== DATASET EXCERPTS ==

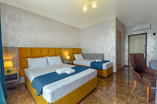 Отдыхали в отеле Eco Life семьёй из четырёх человек в котедже, в двухкомнатном люксе. Прекрасный номер с современным ремонтом, очень удобные кровати с ортопедическими матрасами. В каждой комнате есть кондицианер и телевизор со смарт ТВ. Очень уютный стильный и чистый номер, есть небольшая кухня оснащённая микроволновкой, чайником и холодильником, есть вся необходимая посуда и приборы. Душевая комната совмещённая с туалетом, есть всё необходимое: полотенца, фен, гель для душа, шампунь, мыло и туалетная бумага. Красивая ухоженная территория, много зелени, чистый большой бассейн.
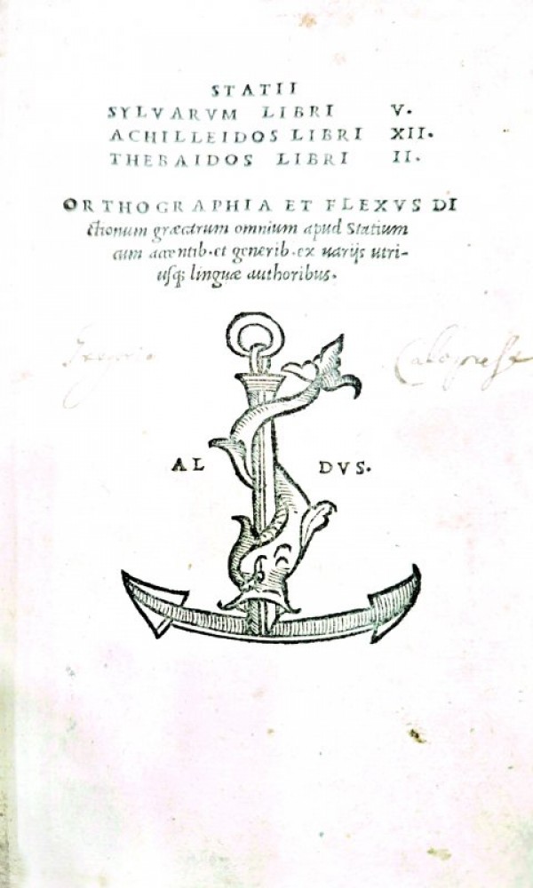 Legatura in piena pelle  testata di moro  del XX secolo in stile rinascimentale, opera dell'atelier Gozzi di Modena. Ai piatti, filetti, losanghe e angolari floreali a secco e in oro con, al piatto anteriore in basso, monogramma SV a secco; dorso a 3 nervi rilevati con filetti in oro e a secco; tagli spruzzati. 294-(2) carte  numerate, compreso il frontespizio  con titolo e ancora aldina, 2 carte bianche all'interno a divisione dei capitoli, ancora aldina silografata al verso dell'ultima carta; testo in latino e greco in carattere corsivo. Seconda edizione aldina, reimpressione della prima pubblicata nel 1502, qui  aumentata con una lettera di prefazione di Francesco Asolano al fratello Domizio e a Pasquale Marini. Esemplare in buone condizioni, lieve goretta alla parte  alta esterna di qualche pagina, poche fioriture.
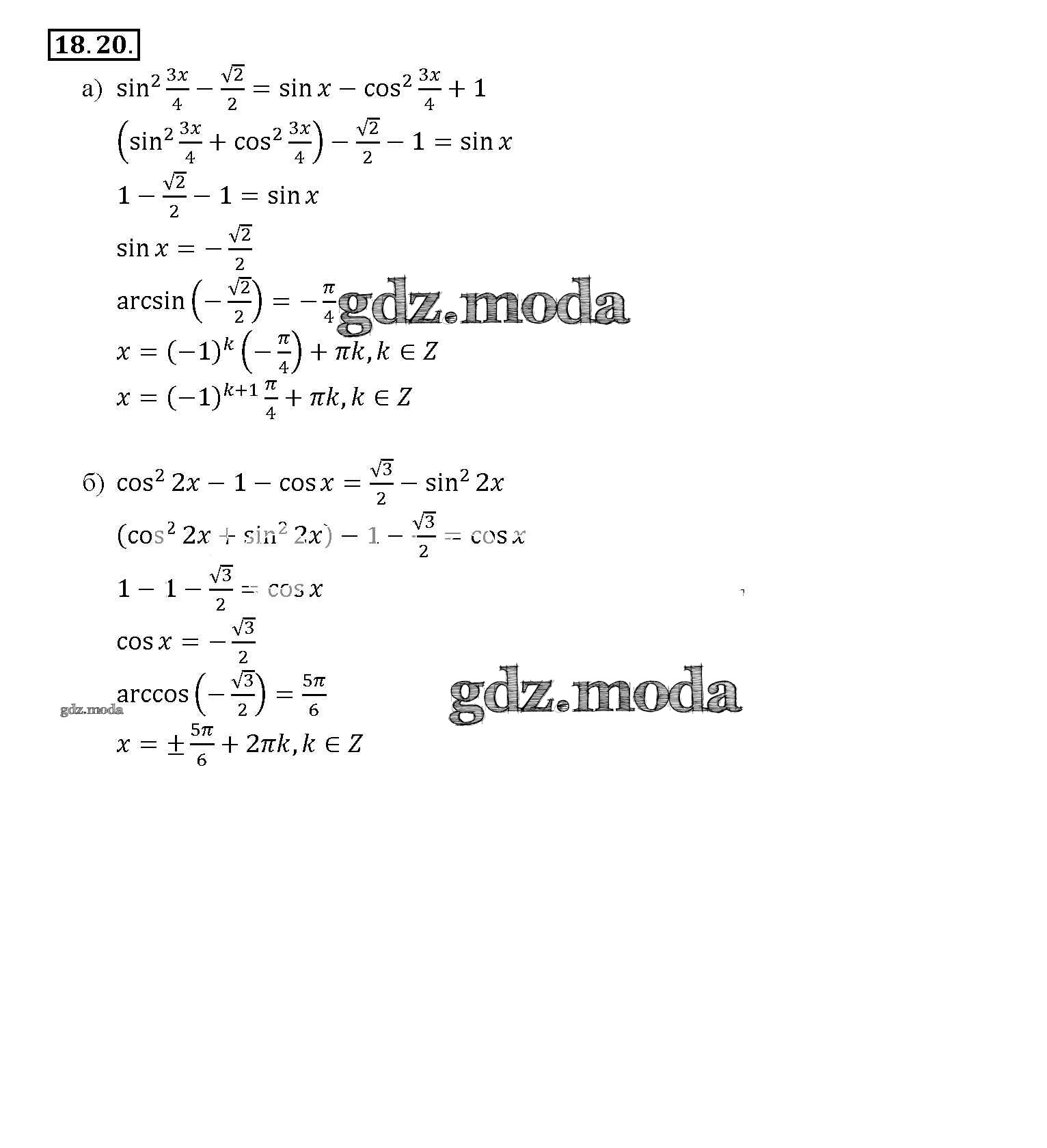 ОТВЕТ на задание № 18. 20 Задачник по Алгебре 10-11 класс Мордкович Базовый уровень
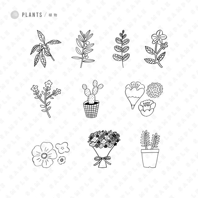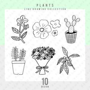 お花や鉢植えなど「PLANTS(植物)」にまつわる線画イラストを10点収録した素材セットです。
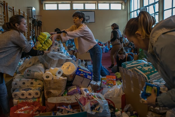 The gymnasium at School No. 11 in central Przemysl piled with bags of donated food and clothing for refugees from Ukraine.Anna Liminowicz/The Globe and Mail

===

» **TASK REQUIREMENTS**
From the line containing "お花や鉢植えなど「PLANT" to the final line above, both included, transcribe every line exactly and leave all pictures out.

» **ANSWER AREA**
 お花や鉢植えなど「PLANTS(植物)」にまつわる線画イラストを10点収録した素材セットです。
 The gymnasium at School No. 11 in central Przemysl piled with bags of donated food and clothing for refugees from Ukraine.Anna Liminowicz/The Globe and Mail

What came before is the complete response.